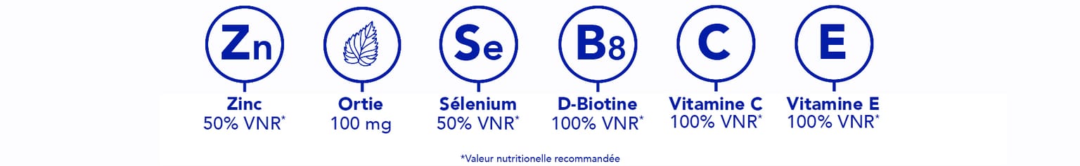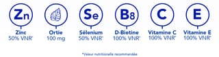 *N°1 en rotation unitaire sur le marché des phanères en sell out 2024 GERS. (1)Le zinc contribue au maintien de cheveux et ongles normaux. La vitamine B6 qui contribue à la synthèse normale de cystéine. (2)Le zinc contribue aussi à une synthèse protéique normale. (3)Etude clinque, 104 volontaires, 3 mois, 2 capsules par jour, % de satisfaction
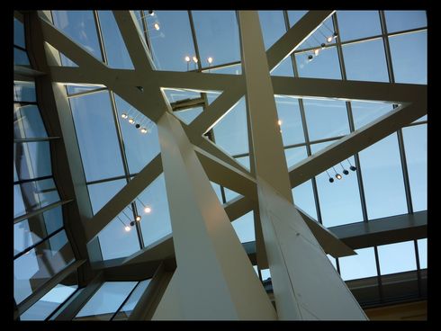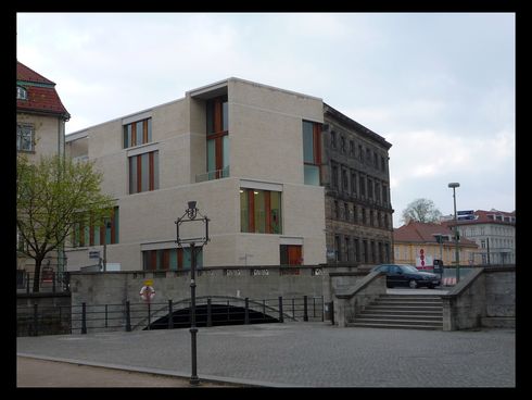 Daniel Libeskind je autorem i zastřešení staré barokní budovy, kde jsou opět vidět jeho typické znaky - protínající se linie a žádné pravé úhly...
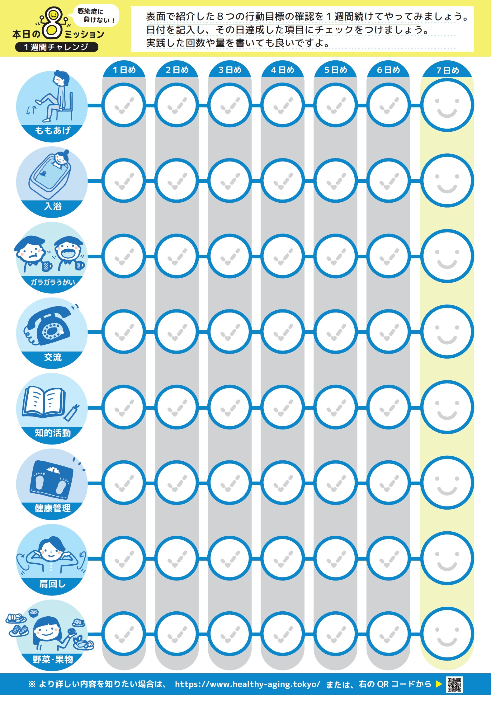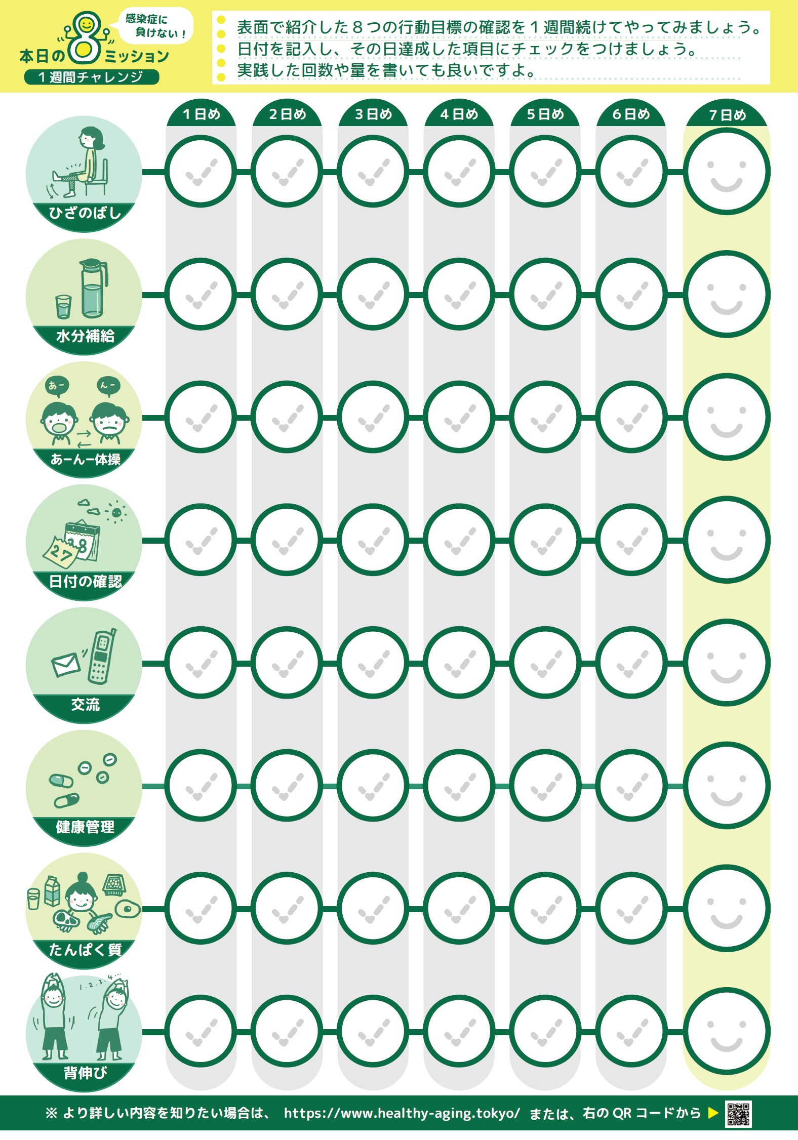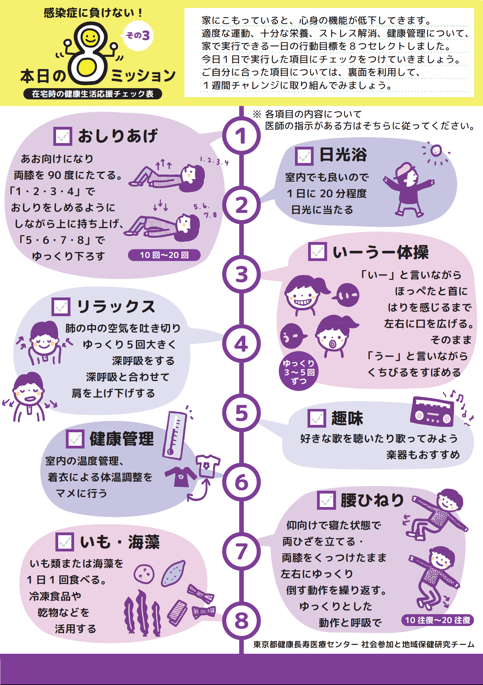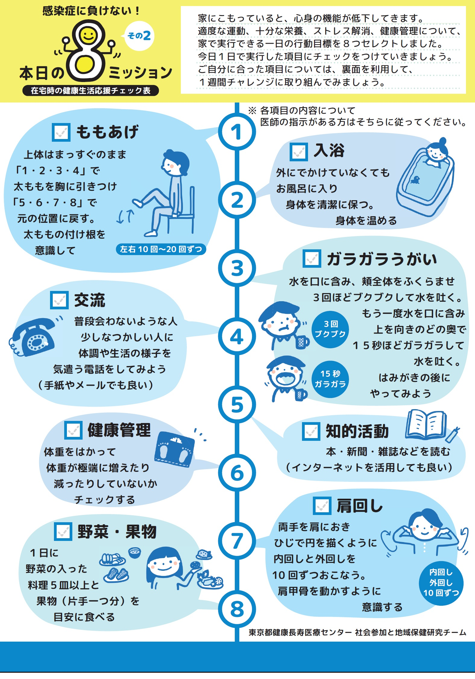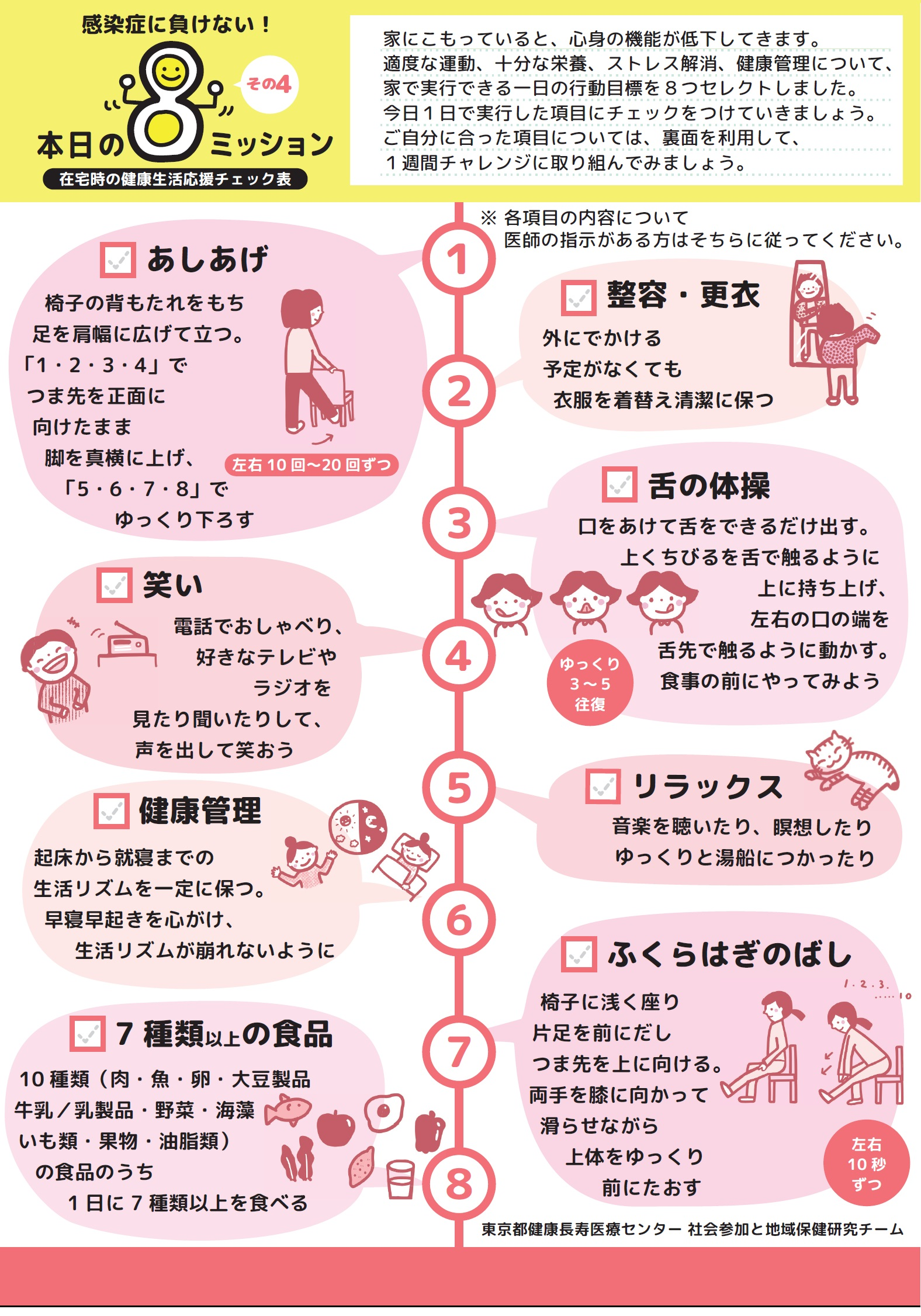在宅時の健康生活応援チェック表(東京都健康長寿医療センター提供)

Task item: Output, word for word, the full listing above, with no pictures.

Answer for this exercise:
 *N°1 en rotation unitaire sur le marché des phanères en sell out 2024 GERS. (1)Le zinc contribue au maintien de cheveux et ongles normaux. La vitamine B6 qui contribue à la synthèse normale de cystéine. (2)Le zinc contribue aussi à une synthèse protéique normale. (3)Etude clinque, 104 volontaires, 3 mois, 2 capsules par jour, % de satisfaction
 Daniel Libeskind je autorem i zastřešení staré barokní budovy, kde jsou opět vidět jeho typické znaky - protínající se linie a žádné pravé úhly...
在宅時の健康生活応援チェック表(東京都健康長寿医療センター提供)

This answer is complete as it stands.